# London/Surrey/South meet: Goodwood Supercar Sunday 2nd June



## Gone (May 5, 2009)

Some of you guys asked about London meets etc in the future and we spoke about some runs down to Goodwood, so here's a thread with the relevant dates on it. Plan is to run the lot off this one thread, with a bit of luck. I'll say now that I'm not sure how many of these I'll be allowed to go to this year, but here goes:

May 12th: TVR exhibition, Brooklands Museum
A more sociable time for this one, 10AM at Heston services, M4 westbound.
Entry is £10 for adults, this gets you into MB World, the Brooklands Museum, The TVR exhibition and the GP coverage. Concorde is extra (£4). Cheapest Concorde ticket ever sold
http://www.brooklandsmuseum.com/index.p ... car-clubs/

*June 2nd: Supercar sunday, Goodwood Breakfast Club meet
Not to be missed this one, all manner of supercars from hot rods to Lambo's via muscle cars and just about everything in between. 
http://www.goodwood.co.uk/whatson/whatson.aspx
Early start for this one as it gets busy, so this will be 6.00 at Ripley Services and 7.30 at Petworth - some good sounds as the display cars come through* 

*June 30th: TTOC EvenTT13 at Heritage Motor Centre, Gaydon (J12 M40)*


----------



## roddy (Dec 25, 2008)

and there is one on batersea bridge,, aparently  ( judging by the red lines there wont be many cars there !! ) :?


----------



## dizzle (Mar 22, 2009)

There used to be car & bike cruise on batersea bridge before actually hence y the suggestion, either way I was just trying to find out if there's anything happening as I was searching for this thread and was nowhere to be seen, maybe there should be a sticky on each different city meets or own sub forum for people to post each different meet? Just a suggestion...


----------



## roddy (Dec 25, 2008)

dizzle said:


> There used to be car & bike cruise on batersea bridge before actually hence y the suggestion, either way I was just trying to find out if there's anything happening as I was searching for this thread and was nowhere to be seen, maybe there should be a sticky on each different city meets or own sub forum for people to post each different meet? Just a suggestion...
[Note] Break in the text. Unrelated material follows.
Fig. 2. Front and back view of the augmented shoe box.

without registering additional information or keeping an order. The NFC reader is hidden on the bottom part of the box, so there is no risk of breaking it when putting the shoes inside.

yes mate, i know about the batersea bride meetings,, was even at a few,, but that was in the days before yellow lines let alone red ones,, :wink:


----------



## Gone (May 5, 2009)

It's always been on page 1!

Next one is Goodwood, so names below if you fancy it.


----------



## Gone (May 5, 2009)

Right

I personally can't make the Goodwood meeting on 5th May.

Next meet is therefore 12th May for the TVR exhibition and the Spanish Grand Prix at Brooklands / Mercedes Benz World, SW London, 12th May.

Entry is £10 for adults, this gets you into MB World, the Brooklands Museum, The TVR exhibition and the GP coverage. Concorde is extra (£4). Cheapest Concorde ticket ever sold hawhaw

The plan:

10 AM at Heston services westbound carriageway on the M4 for 30 mins or so of the usual, then off to Brooklands.

Stopping briefly at Shell St Georges to pick up any others, leaving about 11 for Brooklands: http://goo.gl/maps/wS249

Names below please if you're coming!


----------



## Wallsendmag (Feb 12, 2004)

Gone Ape said:


> *June 30th: TTOC EvenTT13 at Heritage Motor Centre, Gaydon (J12 M40)*
> Assuming it does go ahead as planned, but not sure what's happening with this at present.
> 
> Add your name below for the Soft-top sunday event!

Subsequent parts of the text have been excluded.